THE RECORDS Start Marker

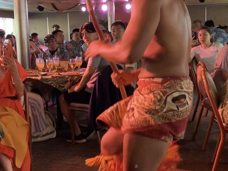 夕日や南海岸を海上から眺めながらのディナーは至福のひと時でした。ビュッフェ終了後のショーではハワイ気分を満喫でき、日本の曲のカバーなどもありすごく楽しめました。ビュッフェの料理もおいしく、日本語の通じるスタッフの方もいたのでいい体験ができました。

THE RECORDS End Marker
THE RECORDS Start Marker

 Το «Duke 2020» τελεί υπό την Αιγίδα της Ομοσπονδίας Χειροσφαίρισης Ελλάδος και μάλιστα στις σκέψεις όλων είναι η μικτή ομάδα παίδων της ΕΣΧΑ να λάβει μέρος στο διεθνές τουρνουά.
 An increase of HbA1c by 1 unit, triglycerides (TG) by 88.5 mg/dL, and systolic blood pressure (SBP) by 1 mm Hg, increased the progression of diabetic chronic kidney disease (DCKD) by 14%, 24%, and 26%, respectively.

THE RECORDS End Marker
THE RECORDS Start Marker

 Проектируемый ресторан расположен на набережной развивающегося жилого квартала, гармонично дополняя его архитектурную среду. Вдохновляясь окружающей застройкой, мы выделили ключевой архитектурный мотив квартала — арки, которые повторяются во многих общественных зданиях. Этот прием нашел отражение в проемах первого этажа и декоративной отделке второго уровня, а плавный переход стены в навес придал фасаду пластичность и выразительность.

THE RECORDS End Marker

Give back exactly the lines above, from the line containing "στο διεθνές τουρνουά." through the line containing "An increase of", with both end lines and nothing more.

 Το «Duke 2020» τελεί υπό την Αιγίδα της Ομοσπονδίας Χειροσφαίρισης Ελλάδος και μάλιστα στις σκέψεις όλων είναι η μικτή ομάδα παίδων της ΕΣΧΑ να λάβει μέρος στο διεθνές τουρνουά.
 An increase of HbA1c by 1 unit, triglycerides (TG) by 88.5 mg/dL, and systolic blood pressure (SBP) by 1 mm Hg, increased the progression of diabetic chronic kidney disease (DCKD) by 14%, 24%, and 26%, respectively.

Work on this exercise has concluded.